Friday, November 16, 2018

What's Love Got to do with it?

I can hear Tina Turner singing, “What’s Love Got to Do with It?” after I watch the news, wondering why there is so much suffering in our world.  The answer is, of course, “Everything.”

If we don’t show love for our fellow human beings and for all living beings for that matter, what do we have?  We have our humanness and the parts of us that get us and the world into conflict: fighting, competition, greed, gluttony, I suppose all the major deadly sins.

We human beings have all sorts of feelings and thoughts which the iChing, sometimes refers to as “inferior.”  I don’t like that term because how we feel and think are just true. Not good or bad, feelings and thoughts are like the weather, coming and going.

We hope to control our actions, at least some of the time. Thoughts and feelings are results of our experience of life, experiences in life.
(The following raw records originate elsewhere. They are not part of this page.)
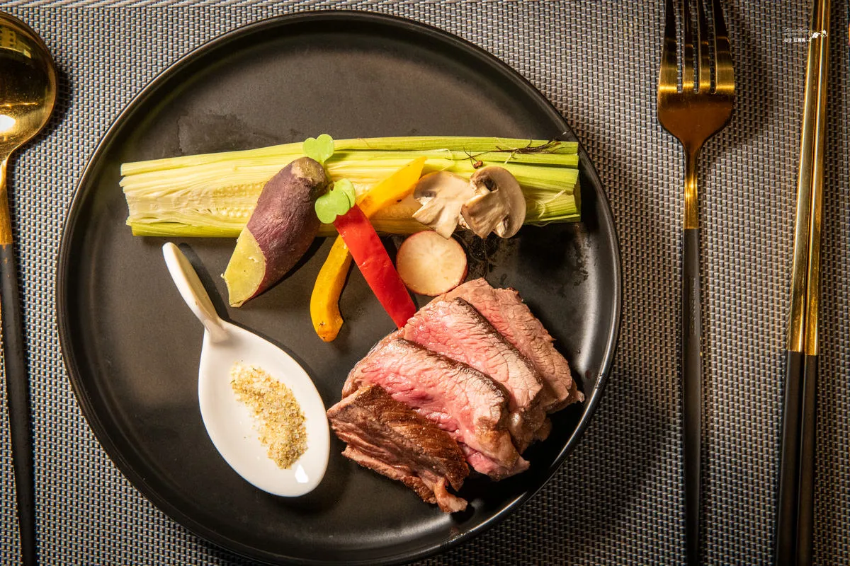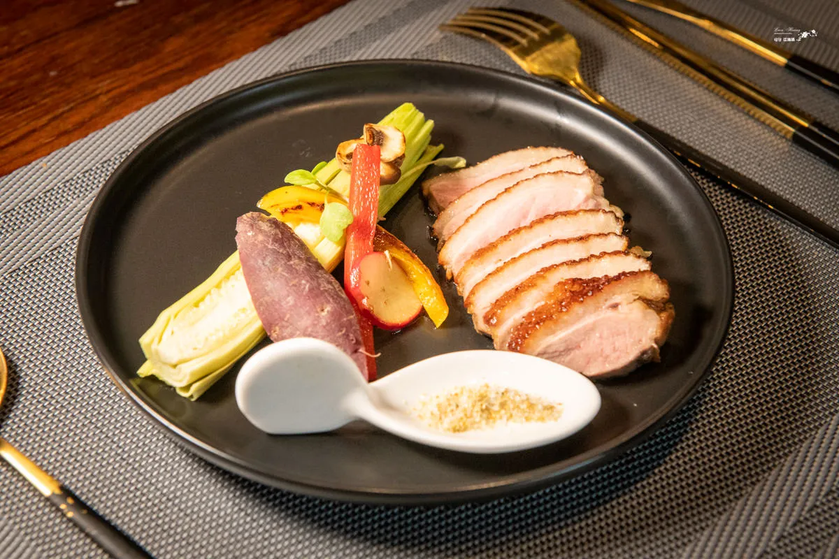 主菜共有兩種選擇,頂級翼板與櫻桃鴨胸。櫻桃鴨胸的肉質鮮嫩多汁,口感細膩而豐富。鴨肉的風味清新而帶有淡淡的甜味,在味蕾寫下驚艷的即短篇。玉米筍的脆嫩爽口、香菇柔軟的質地、地瓜濕潤而帶有黏性的口感,為整道菜提供了一種豐富而輕盈的滋味,也適時的調解油膩。沾點蒜鹽更能提升風味喔。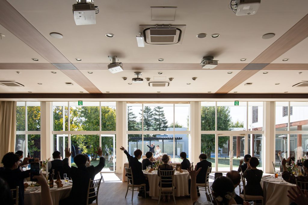カーテンが開き自然光が降り注ぐ中で披露宴がスタートいたします。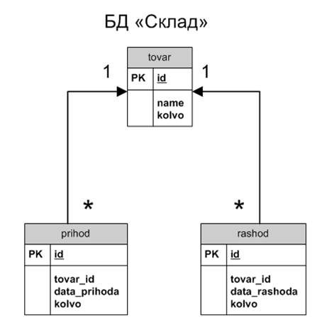 Модель БД представлена в соответствии с рисунком, расположенном ниже. Она описывает отношения между таблицами «tovar», «prihod» и «rashod» составляющими БД «Склад». Таблицу «tovar» и таблицу «prihod» связывает отношение «один ко многим» т.е. одной записи в таблице «tovar» может соответствовать несколько записей в таблице «prihod», связанных по первичному ключу таблицы «tovar» - «id». Таблицу «tovar» и таблицу «rashod» связывает отношение «один ко многим», связанных по первичному ключу таблицы «tovar» - «id». В таблице «tovar» хранится информация о товаре, присутствующем на складе. Таблицы «prihod» и «rashod» хранится информация о поступлении и удалении товара со склада.
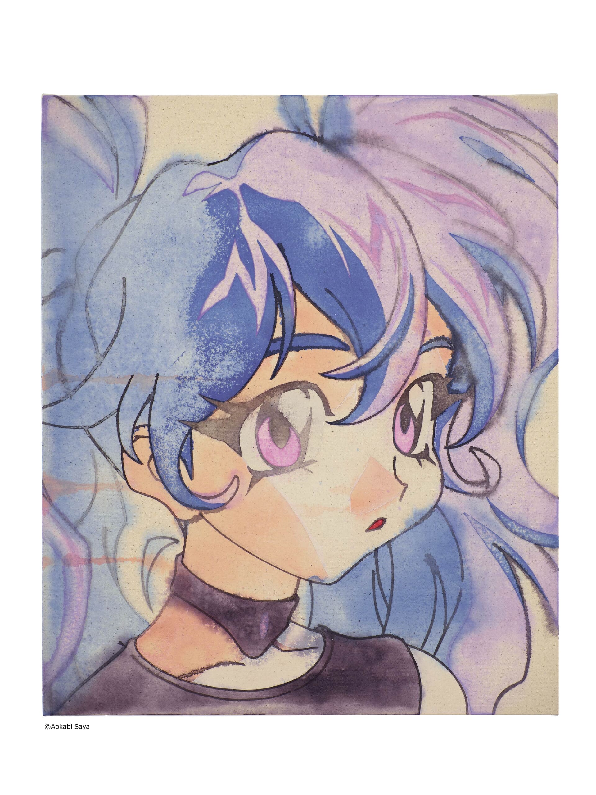 藍嘉比沙耶は1997年生まれ。自身の生まれた前後に日本で制作されたアニメーションに登場するキャラクターを参考にした平面作品を制作している。
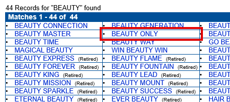入力した馬主名による検索結果の一覧から目的の馬名を選択

We human beings walk around this dying planet, having all sorts of experiences, feelings, and thoughts. We try to manage our actions toward peers, authorities and leaders, families and friends,“others,” who are different from us by race, culture, language, politics, and/or religions. Why do some people kill each other in mass shootings with easy-to-obtain weaponry? Why do leaders, like the president, act in rude and disgusting ways? Why do we people neglect and abuse each other, especially those unlike us, those who think differently from us?

These past two years have offered fabulous examples of the “inferior” nature of some of our actions. We divide ourselves into tribes and can hardly stand to talk to those others.  Collaboration, cooperation, and getting things done are second fiddle to winning.  If we don’t agree on our values and beliefs, I am not sure how we find effective methods that might give most of us what most of us want. And, take good care of others.

Many of us grew up as little babies and children in a world that is full of trauma. How we react to trauma is influenced by our personalities, our biologies, and our circumstances, or environment. How our parents, schools, siblings and others have treated us, and we them.  How fairness has played a part in our lives, or not.  How love has been expressed so that when children want to believe their parents love them, how can they understand the torturous actions many parents display through tone of voice, by physical actions and/0r emotional, verbal abuse or neglect?

If we truly love each other, up close and from far away, let’s come together and share without battling.  Let’s negotiate with each other and work toward healthy, productive plans.

Without love, we are nothing. We need to learn how to treat each other with respect, dignity and love even when we disagree.  How? One person at a time.  It all begins with me and with you.